▶ BRIEF: Look through the data below and output, unchanged, every line from the one holding "These earrings are" through the one holding "Discover and collect", inclusive. Skip the pictures.

▶ MATERIAL SHOWN:
○ ○ ○ ○ ○ ○ ○
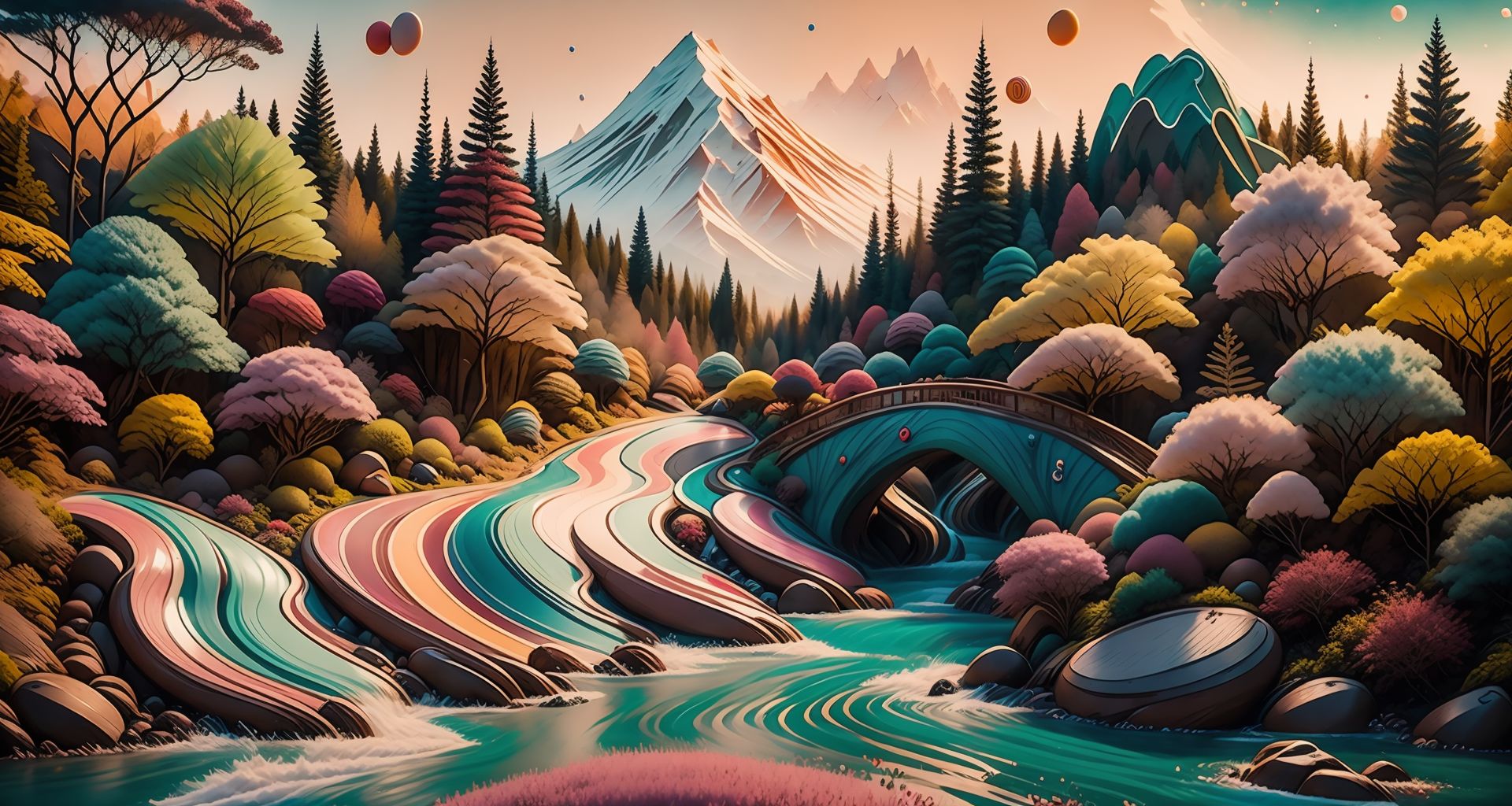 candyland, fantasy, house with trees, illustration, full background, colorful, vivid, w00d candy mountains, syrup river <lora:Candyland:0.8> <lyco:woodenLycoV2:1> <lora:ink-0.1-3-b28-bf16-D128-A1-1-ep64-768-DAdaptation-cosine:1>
○ ○ ○ ○ ○ ○ ○
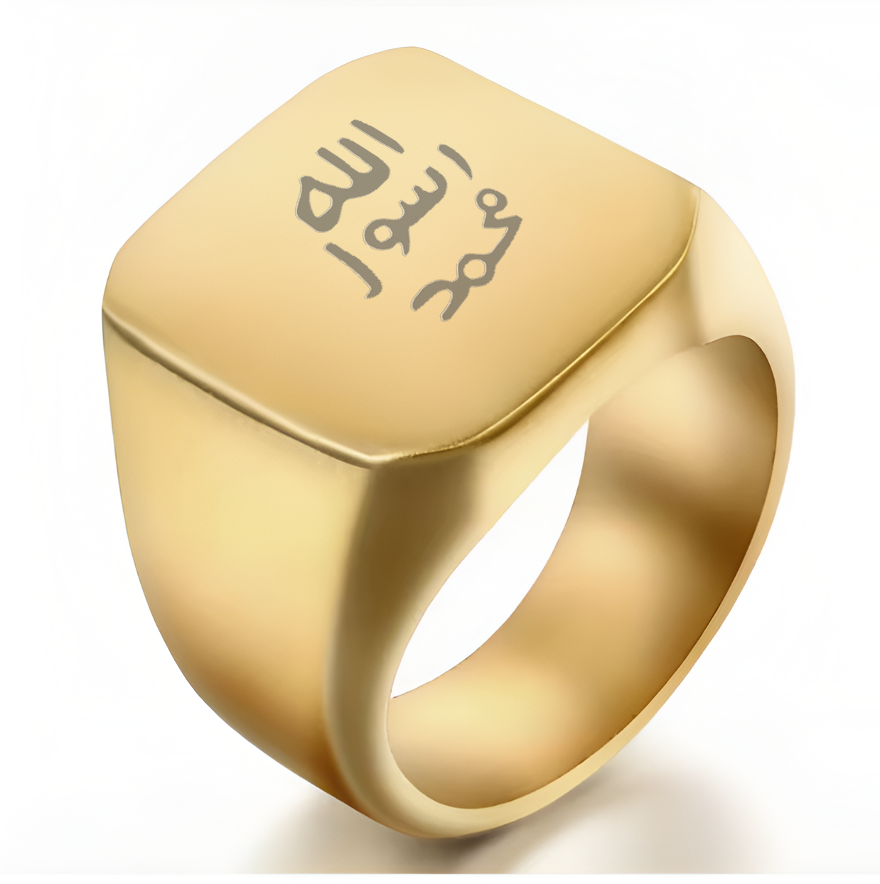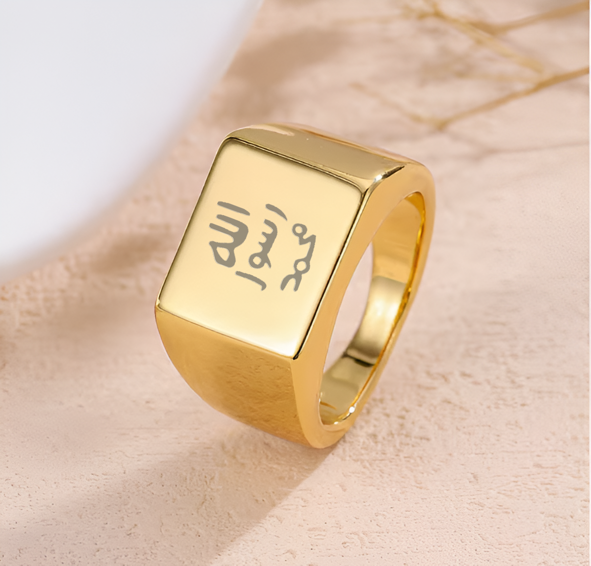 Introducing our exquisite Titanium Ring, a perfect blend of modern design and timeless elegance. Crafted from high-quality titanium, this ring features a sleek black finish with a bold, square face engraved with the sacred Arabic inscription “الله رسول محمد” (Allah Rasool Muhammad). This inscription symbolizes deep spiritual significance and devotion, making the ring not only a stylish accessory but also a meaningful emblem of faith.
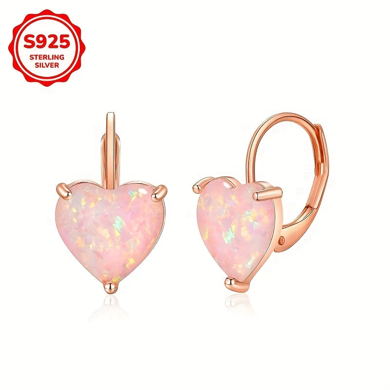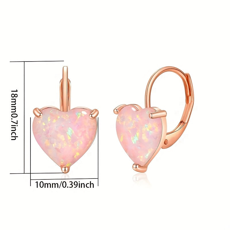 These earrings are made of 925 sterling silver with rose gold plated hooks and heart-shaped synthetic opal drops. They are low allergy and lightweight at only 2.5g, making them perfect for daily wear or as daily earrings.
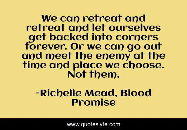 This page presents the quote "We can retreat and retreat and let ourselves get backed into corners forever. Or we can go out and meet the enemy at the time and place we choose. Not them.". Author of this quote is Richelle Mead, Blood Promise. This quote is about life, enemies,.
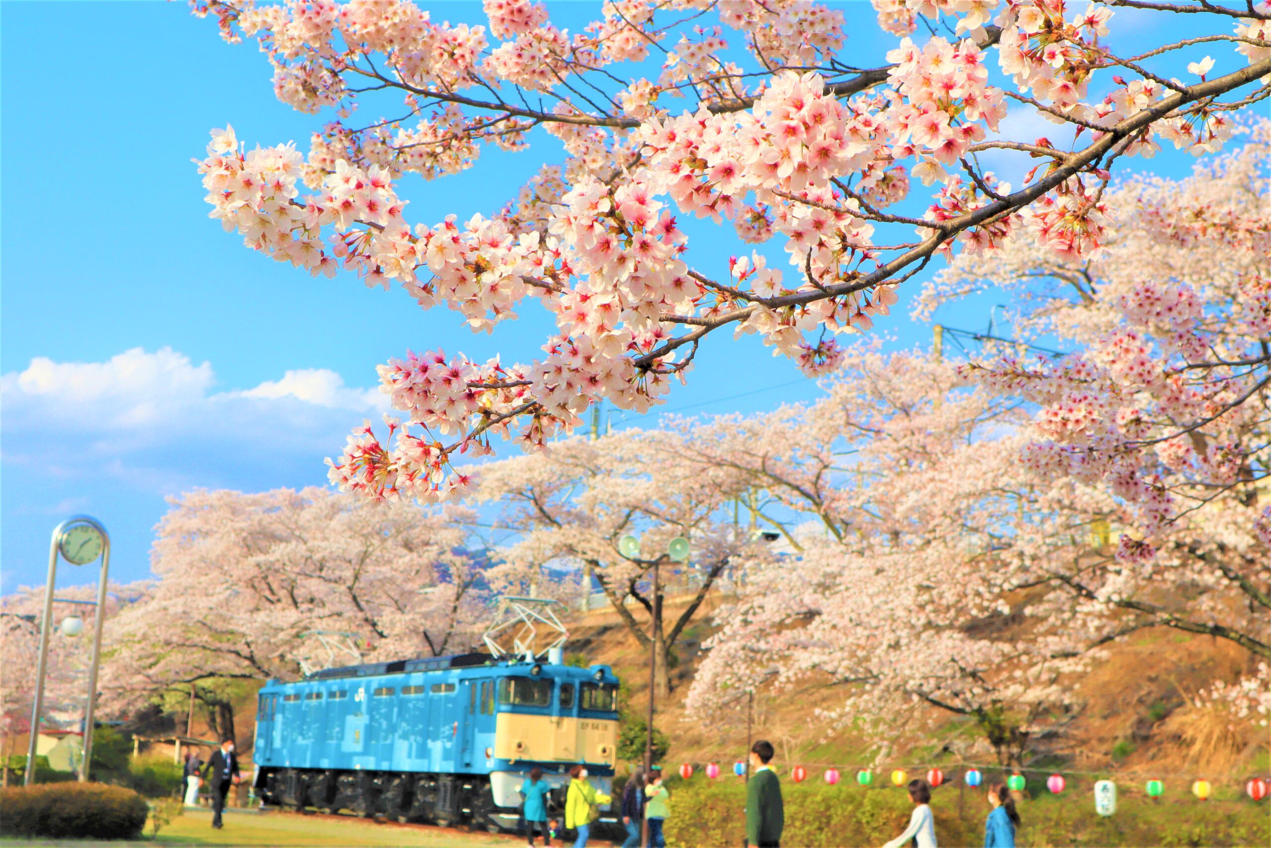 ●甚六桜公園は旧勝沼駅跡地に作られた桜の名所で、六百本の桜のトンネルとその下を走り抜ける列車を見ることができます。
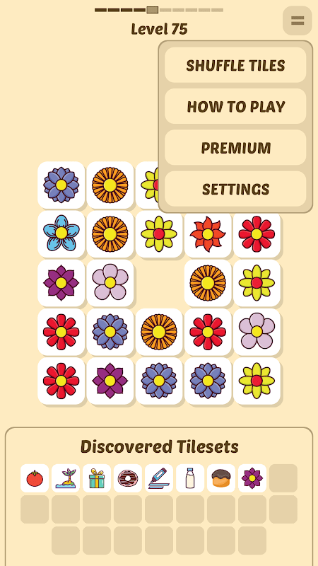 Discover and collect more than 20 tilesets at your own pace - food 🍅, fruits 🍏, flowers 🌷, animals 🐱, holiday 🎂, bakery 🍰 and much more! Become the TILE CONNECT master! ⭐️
○ ○ ○ ○ ○ ○ ○
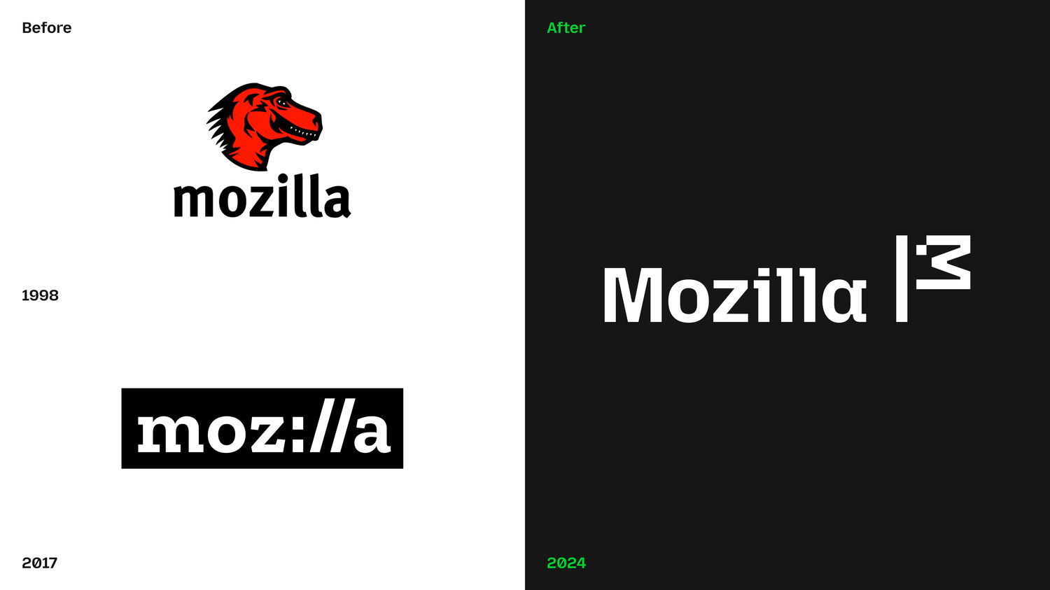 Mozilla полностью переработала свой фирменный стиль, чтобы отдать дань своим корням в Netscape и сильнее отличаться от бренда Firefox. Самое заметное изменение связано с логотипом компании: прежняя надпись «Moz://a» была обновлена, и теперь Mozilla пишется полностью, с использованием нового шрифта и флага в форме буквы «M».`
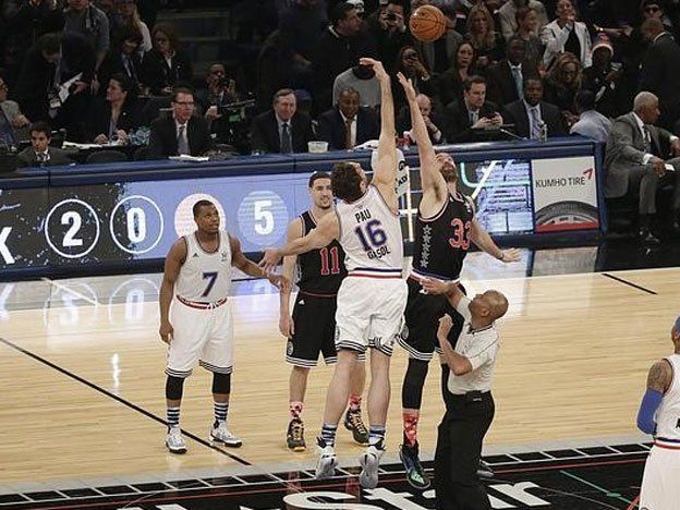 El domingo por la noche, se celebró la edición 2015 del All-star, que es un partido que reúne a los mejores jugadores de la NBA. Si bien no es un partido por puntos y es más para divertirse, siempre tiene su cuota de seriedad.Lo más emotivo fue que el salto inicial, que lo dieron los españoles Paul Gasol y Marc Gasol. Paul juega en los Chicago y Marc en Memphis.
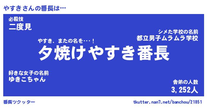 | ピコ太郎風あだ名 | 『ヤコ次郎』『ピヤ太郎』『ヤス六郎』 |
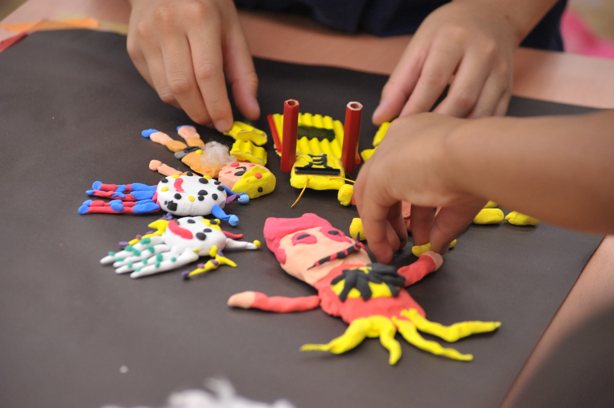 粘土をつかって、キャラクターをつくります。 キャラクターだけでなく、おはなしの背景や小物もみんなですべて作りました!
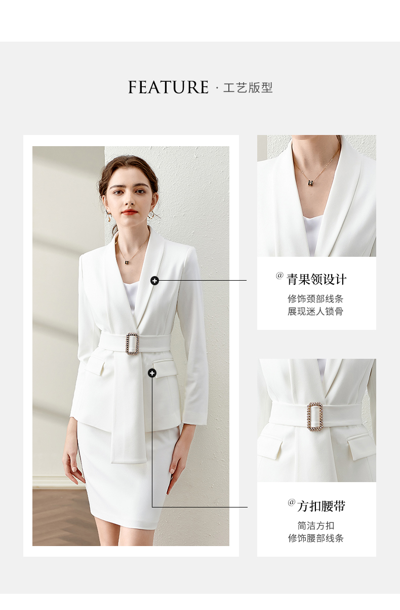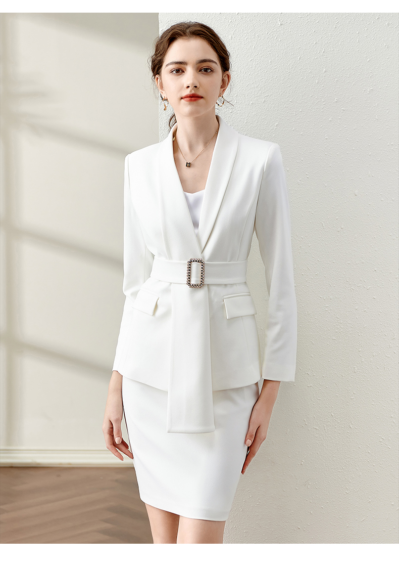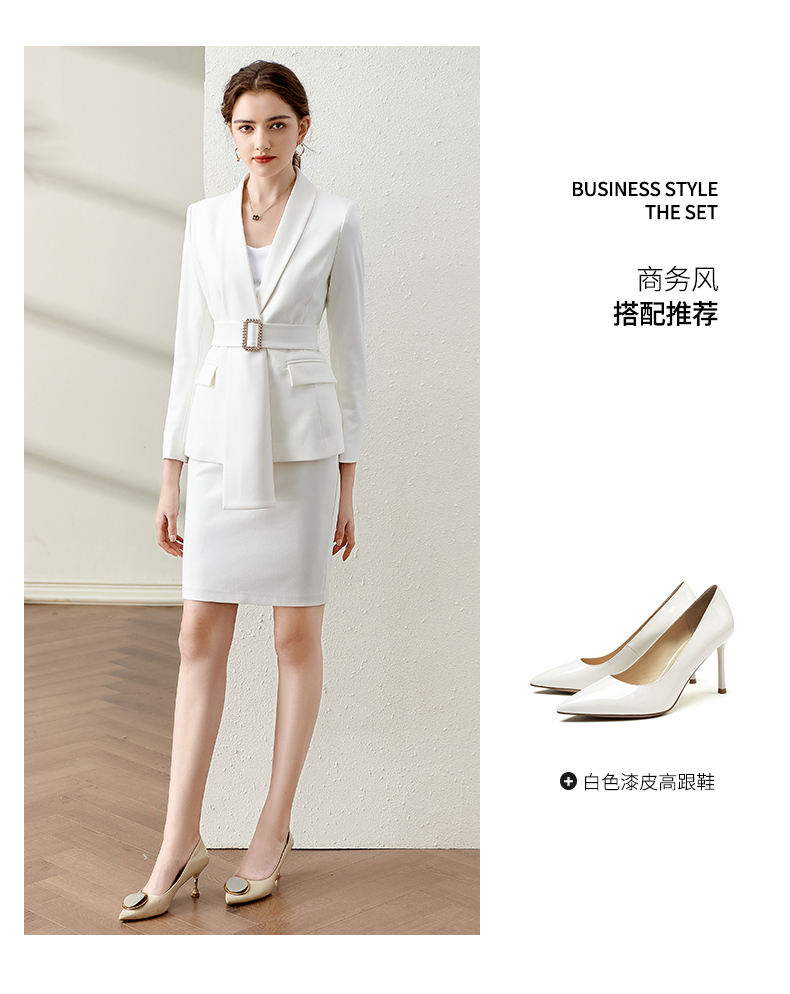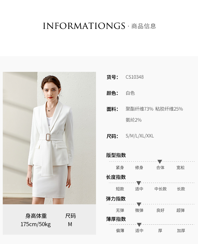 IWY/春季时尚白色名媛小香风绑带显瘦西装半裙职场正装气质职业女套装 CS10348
○ ○ ○ ○ ○ ○ ○
▶ ANSWER FOR THE TASK:
 These earrings are made of 925 sterling silver with rose gold plated hooks and heart-shaped synthetic opal drops. They are low allergy and lightweight at only 2.5g, making them perfect for daily wear or as daily earrings.
 This page presents the quote "We can retreat and retreat and let ourselves get backed into corners forever. Or we can go out and meet the enemy at the time and place we choose. Not them.". Author of this quote is Richelle Mead, Blood Promise. This quote is about life, enemies,.
 ●甚六桜公園は旧勝沼駅跡地に作られた桜の名所で、六百本の桜のトンネルとその下を走り抜ける列車を見ることができます。
 Discover and collect more than 20 tilesets at your own pace - food 🍅, fruits 🍏, flowers 🌷, animals 🐱, holiday 🎂, bakery 🍰 and much more! Become the TILE CONNECT master! ⭐️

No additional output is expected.